That most of the six computer models employed by the BCS are run by individuals who like the current system is not insignificant. Some of the justifications for the considerable role of human polls in the BCS ranking are downright silly. This gem appeared in a Daily Fix (a Wall Street Journal sports blog) post about the BCS computer models:

[Jeff Anderson, co-creator of the Anderson & Hester computer ranking] argues that human voters are better equipped to judge scores, and distinguish between a 24-14 game where the losing team scores two touchdowns in garbage time and a 24-14 team where the losing team trailed by three late but threw an interception returned for a touchdown while attempting to mount a game-winning drive. “If margin of victory is going to be included in any part of the rankings, it should be included only in the subjective part,” Anderson says. Others point out that in many other sports, playoff seedings are determined solely by won-loss record, and the computer rankings account for the unique nature of college football by accounting for strength of schedule.

“It’s a matter of sportsmanship,” [Bill Hancock, executive director of the BCS] says. ”You don’t want a team to run up the score on their opponents, merely so they can move up in the computer rankings.” [1]

So instead of giving the computer models the freedom to employ the soundest methods, the BCS bars them from considering the margin of victory, ostensibly to encourage sportsmanship. Yet it gives two thirds of the vote to humans, who will vote not only on the basis of margin of victory, but really on the basis of whatever the hell they feel like. How is that any more fair? And Jeff Anderson, are you sure computers can’t tell the difference between garbage time and a late win?

I would argue that most people vastly overestimate the value of human polls and desperately underestimate the extent of human biases, particularly their own. If you perceive a computational model to be biased, I can assure you it is not (unless it’s Richard Billingsley’s, but that’s for another time). You are biased.

From 2001 to 2004, the BCS gradually eliminated the the use of margin of victory in its computer models. It also doubled the weight of human polls (from 1/3 to 2/3) in 2004, largely in response to the controversy of a split championship between the BCS and the AP poll. The message sent by the BCS (and much of the media, and pretty much everyone else who supported the change) was that the computer models exist only to corroborate and legitimize the human polls. When the computer models diverge meaningfully from human polls or the hopelessly vague and utterly uninformative “eyeball test,” they are made the scapegoat and forced to fall in line.

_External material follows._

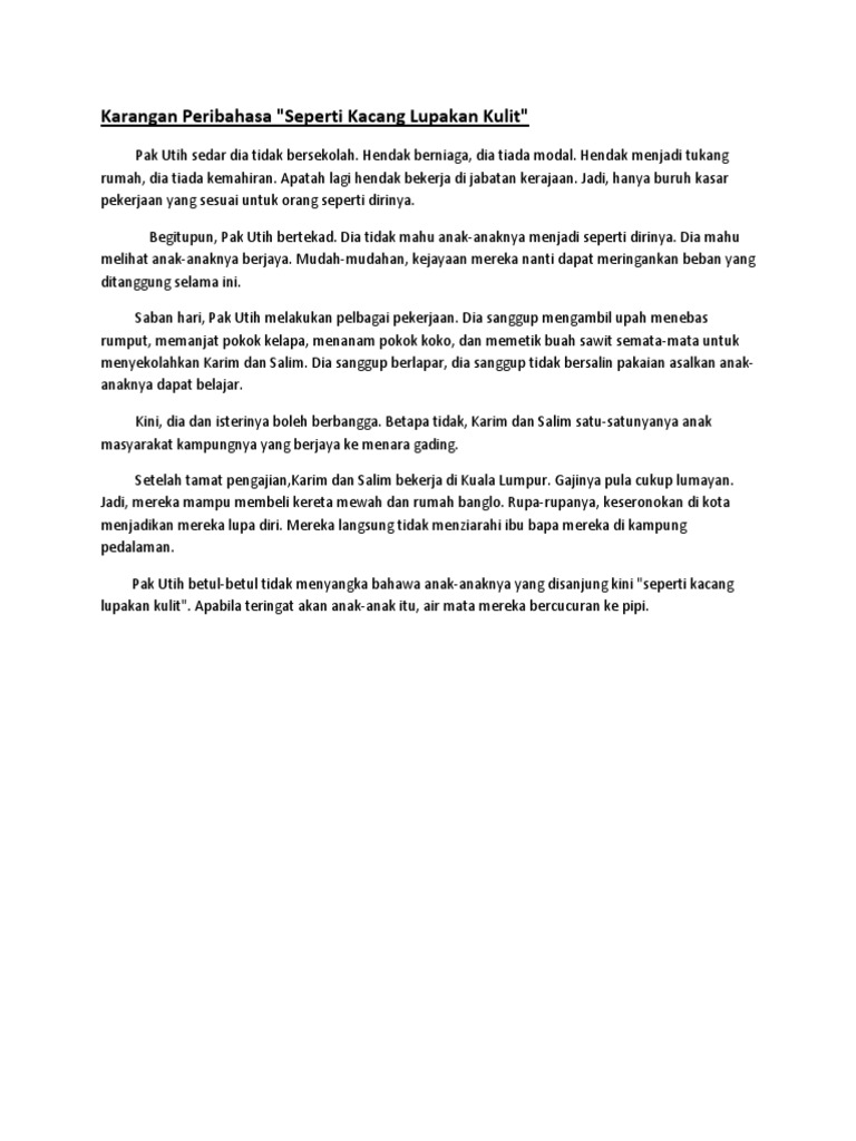 Karangan Peribahasa Seperti Kacang Lupakan Kulit

Throughout this process, we’ve met the most resistance from the computer people,” [Grant Teaff, executive director of American Football Coaches Association] said. “But that’s their deal. They talk about numbers and figures, and we talk about our responsibility to the game and responsibility to coaches and players emotionally. And besides, the polls that are done by the coaches and the writers will probably still make margin of victory a factor still anyhow. [2]

Responsibility to the game and coaches and players emotionally? What does that even mean? This quotation says everything you need to know about the BCS. Yes, the polls will indeed probably still make margin of victory, and the relative strength of the conferences in 1997, and in which time zone the games were played, and how the outcome will impact the coach’s own national championship game, and whether the team’s conference is spelled SEC, and on which team a writer’s son is a third-string kicker, a factor. And they will do it arbitrarily, without telling you. And if the computers don’t match the completely transparent and fair gold standard set by the polls, it’s because they were programmed by some scrawny, glasses-wearing, pocket-protecting brainiac at MIT who doesn’t know anything about what it’s like to coach or play football. Right?

References
[1] Drehs, Wayne. “BCS figures new formula makes for a better title game.” ESPN.com, July 12, 2001. Accessed December 8, 2011. http://static.espn.go.com/ncf/s/2001/0712/1225482.html.
[2] Bialik, Carl. “College Football’s Top Six Computers.” Wall Street Journal Blogs, December 8, 2011. Accessed December 8, 2011. http://blogs.wsj.com/dailyfix/2011/12/08/college-footballs-top-six-computers/.


1Okay, well, other polls (notably the Associated Press, a fascinating tale in its own right) rank teams outside of the BCS, and it is possible for the final AP champion to differ from the BCS champion, but the latter arguably carries more weight de facto.
2If all of the computer models employed were methodologically sound, I would not qualify this statement; sadly this is not currently the case, for all the reasons outlined above.